Это было очень серьезно - это голос Юльки.
Затем что-то щелкнуло и тут же над левым ухом громыхнуло так, что Тоха едва не заорал от болевого удара по барабанной перепонке. Одновременно с грохотом под носом Богданова расцвела кровавая язва, разбросив вокруг себя брызги крови и обломки зубов. Голова калеки дернулась, макушка откинулась, будто раскрываемая форточка, вывалив на вялую траву что-то омерзительно-склизкое. Тело выгнулось, затряслось в конвульсиях - совсем как Паша недавно.
Рощин и Синий вскочили как синхронизированные «Ванька-встаньки», схватились за оружие, недоуменно уставились на агонизирующего Богданова. Тоха, обернувшись, трясущейся рукой указал на Юльку:
- Это она! Это она! Дура психованная! Я чуть не оглох! Я знал, что она кого-нибудь убьет! Я знал!!! Она же на всю башку ушибленная!
Юлька, поднявшись с колена, демонстративно-небрежно повесила автомат на плечо, с хладнокровной наглостью заявила:
- Все когда-нибудь умрут. Этот сдох чуть быстрее. Непринципиально.

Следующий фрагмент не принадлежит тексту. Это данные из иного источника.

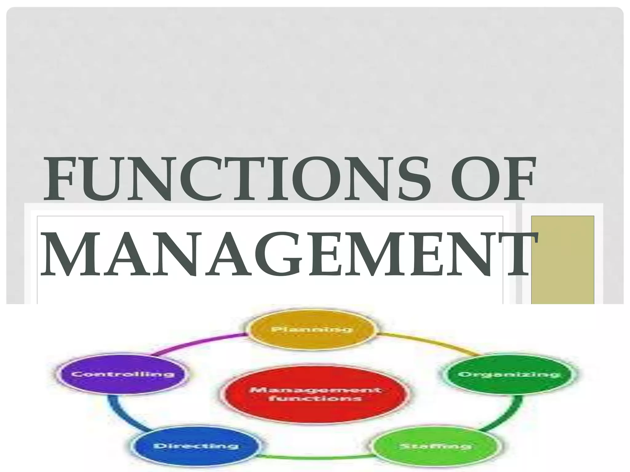 This document discusses the functions of management. It defines management as a process of related activities aimed at achieving organizational goals. The main functions of management include planning, organizing, staffing, directing, coordinating, and controlling. Planning is described as the first and most important management function. Planning involves deciding in advance what to do, how to do it, when to do it, and who will do it. Planning helps set clear objectives, provides a path of action, improves performance, minimizes risks, leads to optimal resource utilization, facilitates decision making and coordination of activities, and promotes innovative ideas.
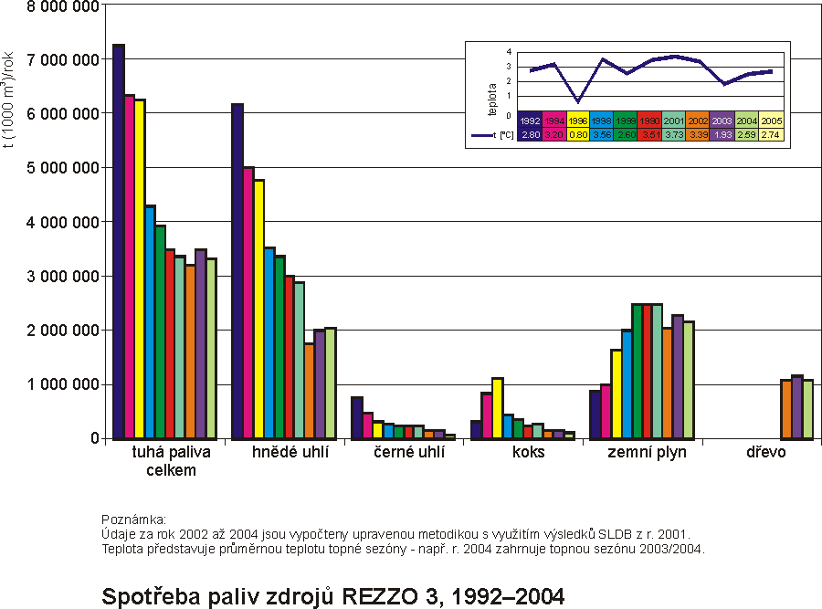 V souladu s legislativou platnou od roku 2002 jsou zdroje znečišťování ovzduší rozděleny pro potřeby emisní bilance do jednotlivých kategorií. Podle tohoto rozdělení jsou v rámci Informačního systému kvality ovzduší (ISKO) provozovaného ČHMÚ zavedeny databáze Registru emisí a zdrojů znečišťování ovzduší (REZZO), které slouží k archivaci a prezentaci údajů o stacionárních a mobilních zdrojích znečišťování ovzduší. Zvláště velké, velké a střední zdroje znečišťování ovzduší jsou sledovány jako bodové zdroje jednotlivě, malé zdroje plošně na úrovni obcí, mobilní zdroje liniově (silniční doprava na úsecích zahrnutých do sčítání dopravy) a plošně na úrovni okresů (ostatní mobilní zdroje). I. Zvláště velké a velké zdroje znečišťování – REZZO 1 Výchozím podkladem bilance emisí látek znečišťujících ovzduší zvláště velkých a velkých zdrojů za rok 2004 (cca 3500 provozoven) jsou údaje souhrnné provozní evidence, předané provozovateli zdrojů České inspekci životního prostředí (ČIŽP), která zajišťuje jejich sběr a verifikaci dat. Zároveň se tyto údaje využívají k aktualizaci databáze REZZO 1, tj. stálých a proměnných údajů o provozu zdrojů znečišťování ovzduší (kategorizace zdrojů, parametry zařízení, spotřeba paliv, množství emisí ap.). V kategorii středních zdrojů jsou evidovány údaje o cca 30 000 zdrojích. Zpracování údajů pro emisní bilanci a databázi REZZO 2 zajišťují pracovníci úřadů obcí s rozšířenou působností (ORP). K termínu dokončení ročenky nebyly k dispozici konečné údaje o emisích zdrojů REZZO 1 a REZZO 2. Vzhledem k této okolnosti jsou údaje o emisích za rok 2004 uvedeny v tabulkách jako předběžné. V kategorii malých zdrojů jsou vypočítávány emise z lokálních topenišť. Primárními podklady pro výpočet jsou údaje ze Sčítání lidu, domů a bytů (SLDB) provedených v letech 1991 a 2001. Emisní bilance je modelově zpracovávána z aktualizovaných údajů o klimatických podmínkách, potřebách tepla pro vytápění bytů a z nich vypočtených spotřeb jednotlivých druhů paliv. Skladba paliv vychází z podkladů SLDB o převládajícím způsobu vytápění bytů a používaných druzích energií, každoročně aktualizovaných z údajů poskytnutých centrálními dodavateli paliv a energií. Bilance emisí z dopravy, která je v kompetenci Ministerstva dopravy ČR, byla zpracována CDV Brno podle metodiky stanovení emisí znečišťujících látek z dopravy. Emise z provozu zemědělských a lesních strojů a dalších mobilních prostředků byly vypočítány z údajů o prodeji a spotřebě pohonných hmot za rok 2004. Předběžné údaje o celkovém množství emisí základních znečišťujících látek v roce 2004, tj. tuhých znečišťujících látek (TZL), oxidu siřičitého (SO2), oxidů dusíku (NOx), oxidu uhelnatého (CO), těkavých organických látek (VOC) a amoniaku (NH3) a podíly jednotlivých kategorií zdrojů na celkových emisích jsou uvedeny v tab. 1.1. Podrobnější územně členěné údaje o emisích jsou uvedeny na webových stránkách ČHMÚ. Vývoj celkových emisí základních znečišťujících látek v letech 1990–2004 je uveden na obr. 1.1. Inventarizace emisí a propadů plynů ovlivňujících klimatický systém Země je prováděna v souladu s mezinárodní metodikou IPCC, která je neustále zpřesňována. Tato inventarizace bude též podkladem pro kontrolu plnění mezinárodních závazků daných Kjótským protokolem; v případě ČR se jedná o snížení celkových emisí skleníkových plynů do období 2008–2012 o 8 % vůči referenčnímu roku 1990. Pravidelným monitorováním emisí skleníkových plynů se rovněž naplňují požadavky Rozhodnutí Evropského parlamentu a Rady č. 280/2004/ES. Z důvodů neustálého vývoje metodiky a důsledného zavádění kontrolních mechanismů QA/QC dochází v případě potřeby ke zpětným přepočtům hodnot, a proto může v jednotlivých letech docházet i k drobným změnám v průběžně vykazovaných údajích. Celkové emise skleníkových plynů včetně zahrnutí jejich propadů, vyjádřené v ekvivalentních hodnotách oxidu uhličitého (CO2), poklesly v ČR z hodnoty 189,9 mil. tun v roce 1990 na 143,4 mil. tun v roce 2003 (tab. 1.2) a vůči referenčnímu roku 1990 poklesly o 24,5 %. Od roku 1995jsou rovněž zahrnuty emise HFC, PFC a SF6 (látek obsahujících fluór, tzv. F-plyny), jejichž vliv je rovněž kontrolován Kjótským protokolem. Jejich současný podíl na celkových emisích skleníkových plynů činí v České republice 1,2 %. Podíl emisí CO2 na celkových emisích byl v roce 2003 86,0 %, podíl emisí CH4 7,1 % a podíl emisí N2O 5,7 %. Uvedené podíly se v posledních letech v ČR příliš nemění. V tab. 1.3 jsou uvedeny emise těžkých kovů (TK) a persistentních organických látek (POPs). Tyto emisní bilance byly zpracovány převážně s využitím aktivitních údajů (spotřeb paliv a pohonných hmot, množství spálených odpadů, statistických údajů o produkci vybraných technologií) a příslušných emisních faktorů. Vedle emisí Pb, Hg a Cd vykazovaných do r. 2000 jsou od roku 2001 prováděny také výpočty emisí dalších sledovaných těžkých kovů. Metodika výpočtu a odhadu emisí TK a POPs byla v průběhu roku 2003 ověřována podle mezinárodně doporučených postupů a pro rok 2002 byl poprvé proveden výpočet s použitím aktualizovaných emisních faktorů. Údaje o emisích POPs za předchozí období jsou v současné době přepočítávány. Vývoj spotřeby hlavních druhů paliv zdrojů REZZO 1 v letech 1990–2003 je uveden v tab. 1.4. Výrazné snížení spotřeby hnědého uhlí a těžkého topného oleje u velkých zdrojů se podílelo na dlouh
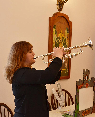 Прозвучали классические произведения: романс Д.Д. Шостаковича из кинофильма "Овод" соло на трубе в исполнении Сандлер Екатерины Вениаминовны; заключительная часть из Оркестровой сюиты № 2 И.С. Баха в исполнении Сандлера Романа Григорьевича; "Чардаш" Витторио Монти исполнил Сандлер Григорий.
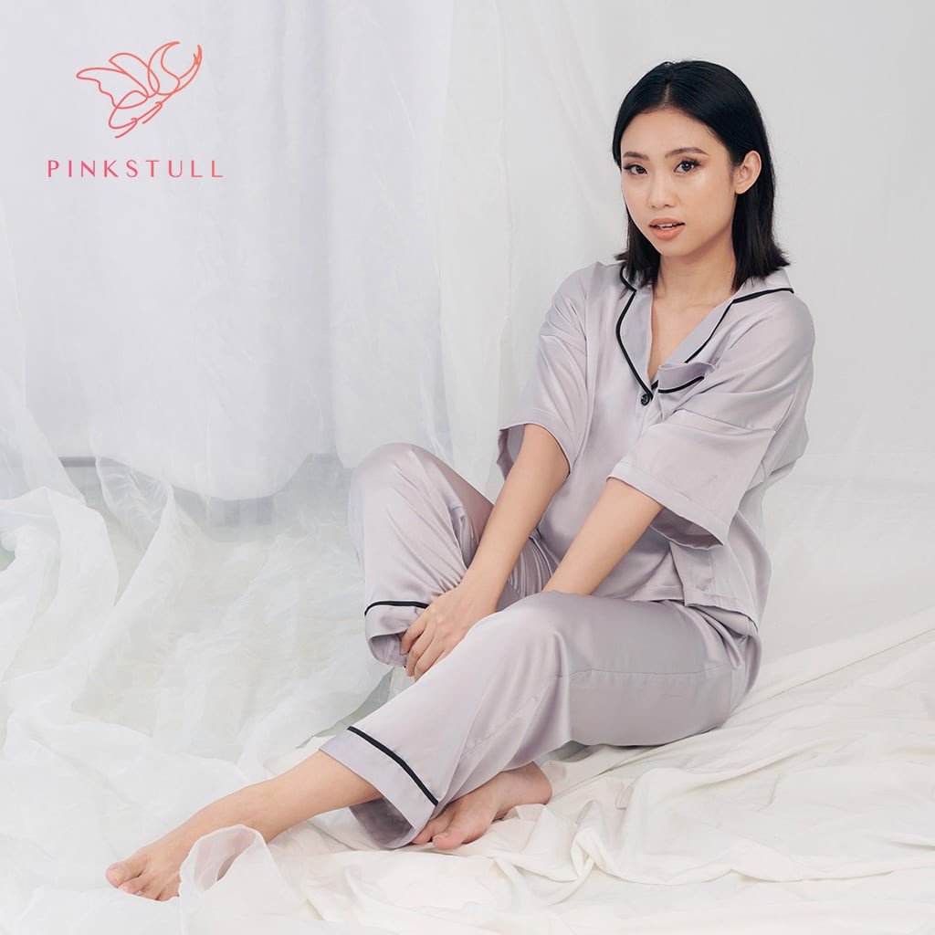 ✨Bộ đồ ngủ pijamas tay ngắn quần dài Pink Stull 3 Màu:xám viền đen,đỏ viền trắng,hồng viền đen
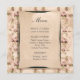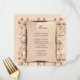 Um menu de casamento vintage com padrão de rosa em um pêssego suave. O menu faz parte de um conjunto completo de convites para o casamento

Синий, осторожно косясь на Юльку, приблизился к затихшему Богданову, зачем-то потрогал пульс, с чувством, надрывно, явно не желая осквернять момент смерти вульгарностью ненормативной лексики, произнес:
- Махатма Карамчанд Ганди[31]!
Затем, правда, не удержался - выматерился коротко и незатейливо.
- Юль… Юль… Юль - ты что, - будто не веря в случившееся забормотал Олег, уронив свою лопату.
Шизофреничка, присев на свое место, спокойно ответила:
- Ну простите - не сдержалась. С нервами у меня что-то сегодня не в порядке. Да ничего страшного. Если тебе нетрудно - выкопай еще одну могилу. Не хотелось бы, чтобы ЭТО лежало в одной яме с Пашей.
По мнению Тохи, один другого стоил, и логично было закопать их где-нибудь в районе помойки, желательно в обнимку. Но спорить он побаивался. Да и зачем спорить - копать-то Олегу. А еще он боялся реакции Рощина. Тот молчал, исподлобья буравя Юльку пронизывающим взглядом. Он что-то решал.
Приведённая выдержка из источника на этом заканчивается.